Assigned task:
Starting at the first line of the data, please print exactly those lines through the one that holds "據了解,這段表述是賈老師在講", omitting every picture.

Information supplied:
※

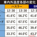 ベストカーのテストでは気温36.4度を記録した当日、正午から午後3時まで、ハスラーとBMW318iの窓を閉めてテストを実施した。車内温度は表のとおり、318iの温度がぐんぐん上がり室内温度はなんと60.8度まで上昇
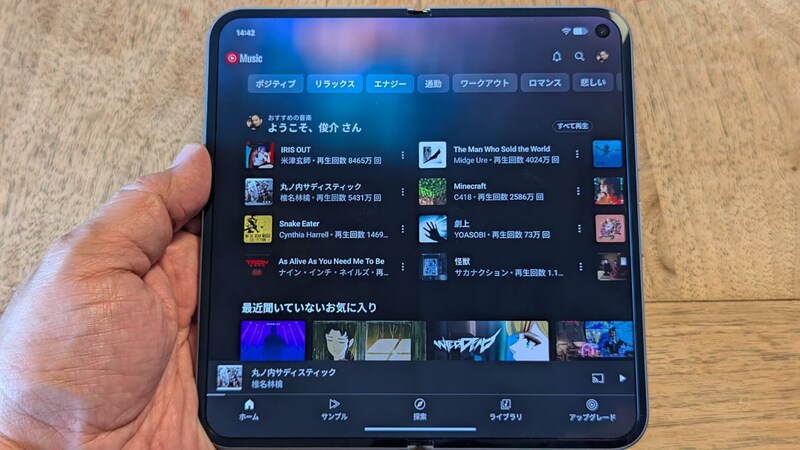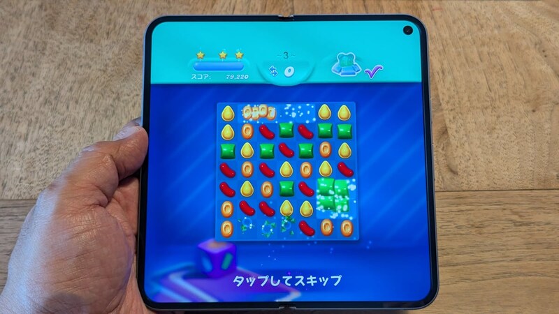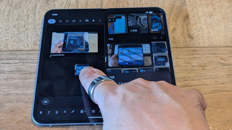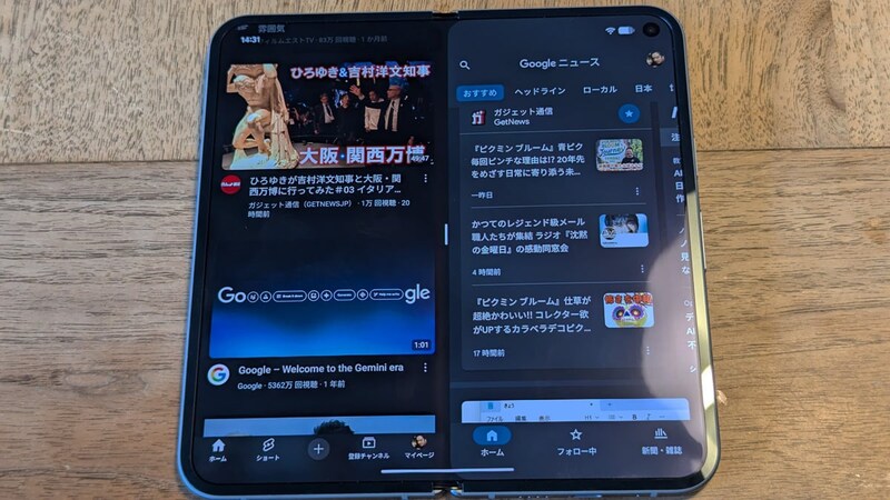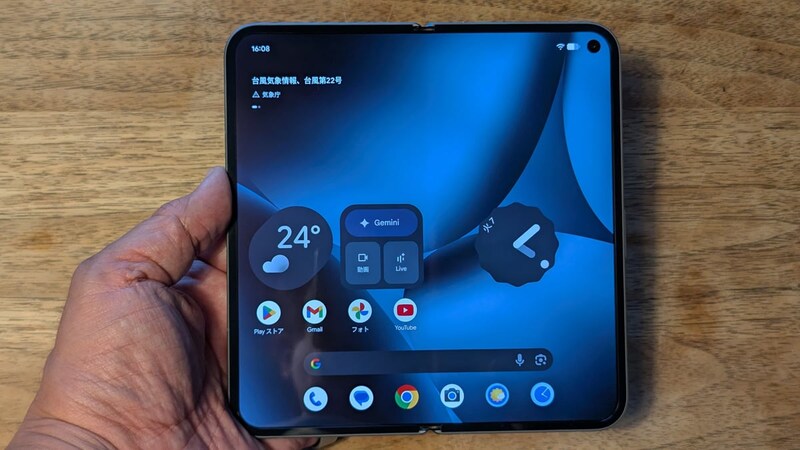 大画面に最適化されたアプリでは、フルスクリーンでリッチな体験が可能。アプリ側の最適化も進んでいるようで、たとえばGmailアプリは開いた状態で90°回転させてもタブレット同様の2カラム表示をキープしてくれるようになりました。
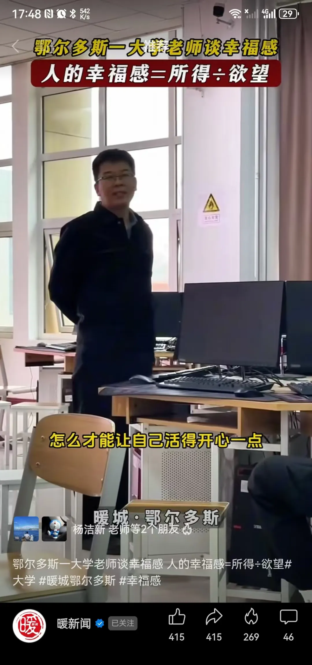 據了解,這段表述是賈老師在講安全系統工程課時,為了強調生命的重要意義,鼓勵大家學會保持樂觀積極的心態,享受美好的生活所說。因為與學生關系融洽,無意間被學生拍下來發布在了網絡,受到眾多網友的喜愛和贊同。
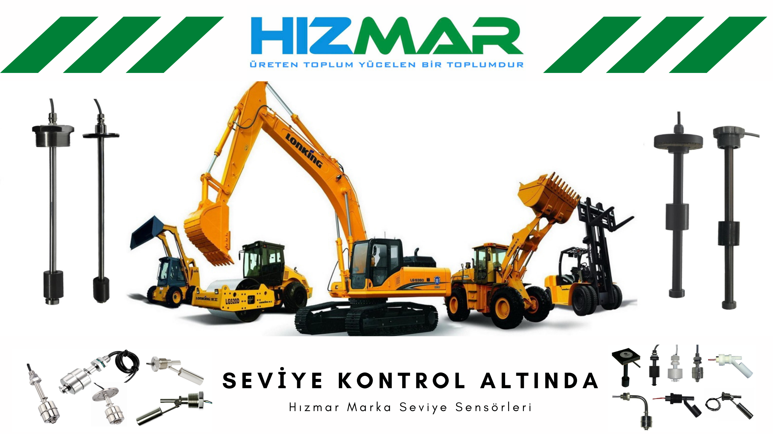 Yerli üretim Hızmar marka sıvı seviye sensörleri İş makinelerinde bulunan yağ tankı, su tankı, pis su tankı, yakıt tankları, sıvı olan her tank ve depolara uyumludur.
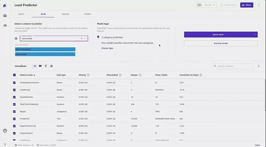 还有最新推出,在圈内引发高度关注的 Amazon SageMaker Canvans ,面向0代码经验的企业内部分析师、运营者,帮他们在实际业务中应用到机器学习这门技术。
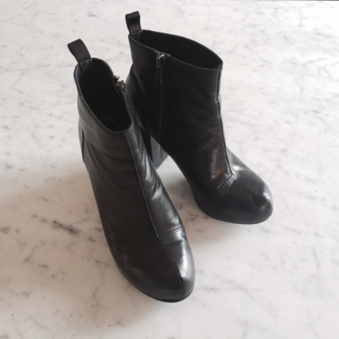 Stövlar i svart äkta läder. Använda men inga skador. Köpta för 1000 kronor två år sen. Märke XIT. Litet platform under tårna.
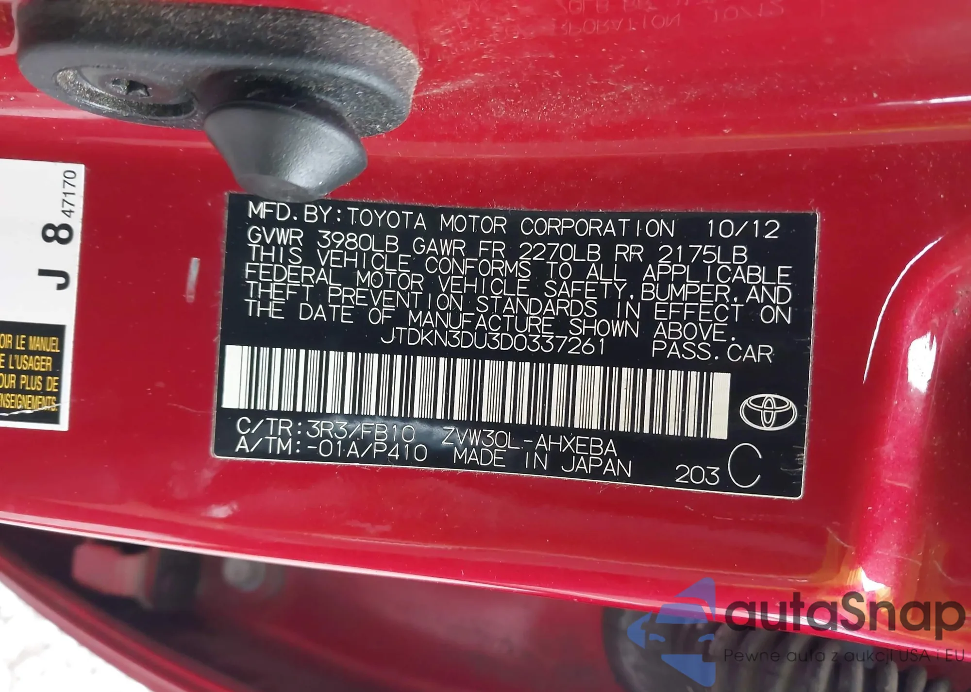 LOT: 43035361 VIN: JTDKN3DU3D0337261
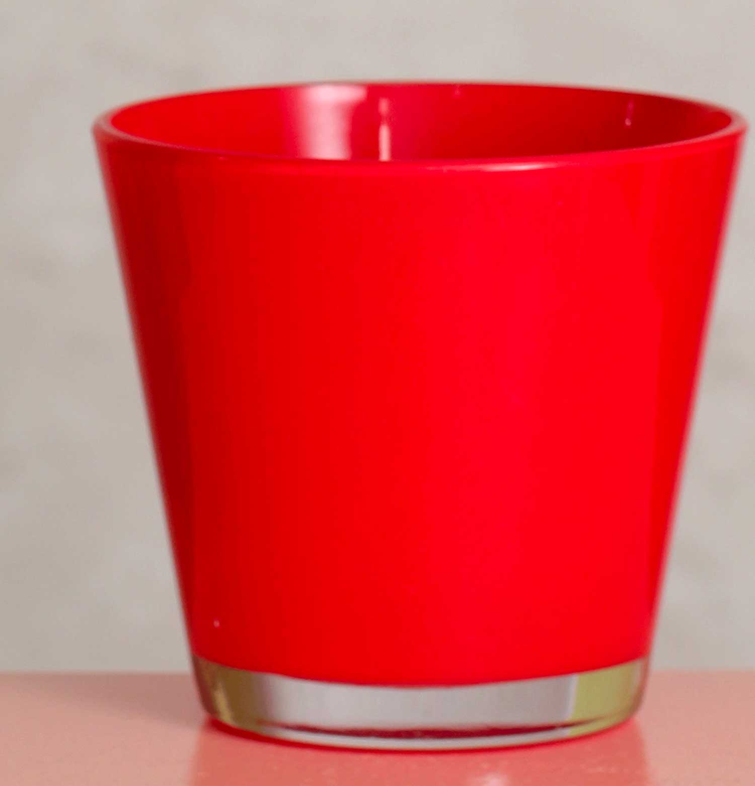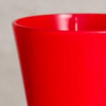 This bold red vase brings a splash of color and contemporary style to any decor. Its sleek design is perfect for showcasing vibrant flowers or standing alone as a statement piece.
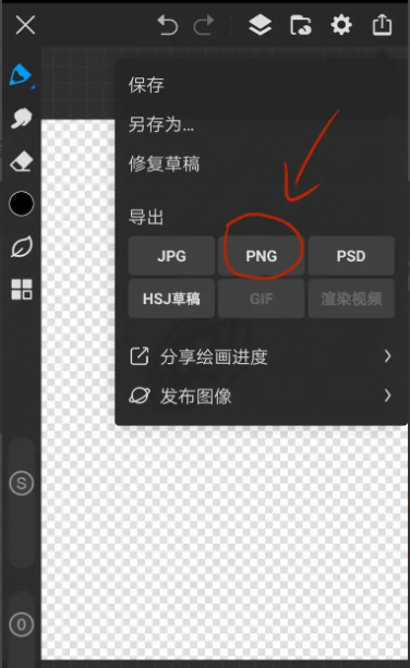 8.App有【JPG】、【PNG】、【PSD】等文件格式,这里点击【PNG】选项,导出的图片就是透明底了
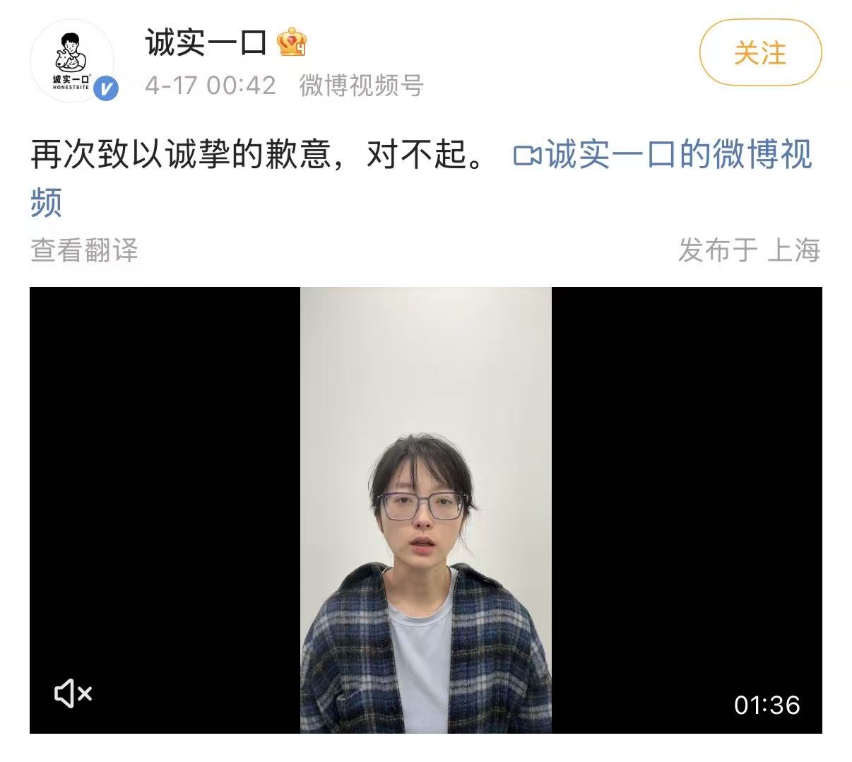 4月17日凌晨近1点,诚实一口创始人吕依凌再次致歉,她在视频中称:“实在抱歉以这样的方式与熠然的粉丝宝宝们见面,首先向大家郑重的致歉,直播间的恶劣言论对熠然和喜欢熠然的大家都造成了严重的伤害,这是我们公司管理上的严重失责,在此我有责任站出来去面对这个问题,并承担这个后果。”
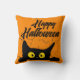 Halloween Black Cat Distressed Texture Orange Throw Pillow

※

Exercise solution:
 ベストカーのテストでは気温36.4度を記録した当日、正午から午後3時まで、ハスラーとBMW318iの窓を閉めてテストを実施した。車内温度は表のとおり、318iの温度がぐんぐん上がり室内温度はなんと60.8度まで上昇
 大画面に最適化されたアプリでは、フルスクリーンでリッチな体験が可能。アプリ側の最適化も進んでいるようで、たとえばGmailアプリは開いた状態で90°回転させてもタブレット同様の2カラム表示をキープしてくれるようになりました。
 據了解,這段表述是賈老師在講安全系統工程課時,為了強調生命的重要意義,鼓勵大家學會保持樂觀積極的心態,享受美好的生活所說。因為與學生關系融洽,無意間被學生拍下來發布在了網絡,受到眾多網友的喜愛和贊同。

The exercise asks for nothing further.